質問コーナーへようこそ。歓迎いたします。大変お待たせしました。いただいたご質問について、弘前大学 農学生命科学部 生物学科 森林生態学分野の山尾 僚先生に下記ようなご回答をいただきました。
植物も「ケミカル・コミュニケーション」と呼ばれている方法で、同一種間、異種間あるいは同一個体の異なった部位の間で、物質(アレロケミカル)によって色々な情報の発信や受容を行っています。登録番号4407を読んでください。

【山尾先生のご回答】
 胡瓜の種子が周囲の植物の種子の発芽を促すという現象が本当であれば、大変興味深い現象ですね。実は、私自身も胡瓜の種子を用いて発芽実験を行ったことがあり、確かに胡瓜の種子が近くにあると、隣の種子(この場合は同種の胡瓜の種子)の発芽が促される傾向がありました。しかし、科学的にどのような仕組みでこの現象が生じているのかは、私も解明に至ってはおりません。

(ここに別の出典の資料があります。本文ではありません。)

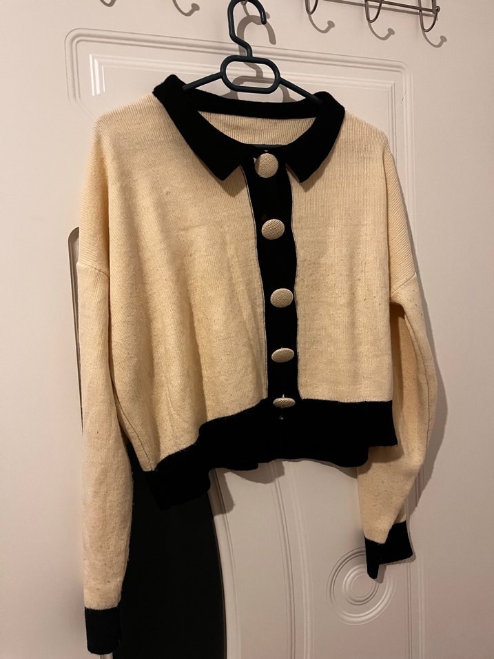 Beyaz yün hırka, siyah kenar detayları ve büyük düğmelerle dikkat çekiyor. Uzun kollu, bol kesim ve midi boydur. Normcore ve Paris tarzı günlük kullanım için uygundur.

 最近の研究では、植物が様々な化学物質を利用して周囲の環境情報を感じ取っていることがわかってきています。我々の研究では、オオバコの種子が周囲に競争者となる他種植物が存在する場合には発芽タイミングを早めることを明らかにしました。発芽タイミングを早めることで、競争相手となる植物よりも早く成長し、競争に有利になると考えられています。この現象では、実際に競争者がいなくても、競争者を浸した水抽出物によって現象が再現されることを確かめました。このことから、水溶性の化学物質が情報として重要であると我々は考えていますが、化学物質が受容されたのちにどのような仕組みで発芽の促進が生じるのかは、やはり定かではありません。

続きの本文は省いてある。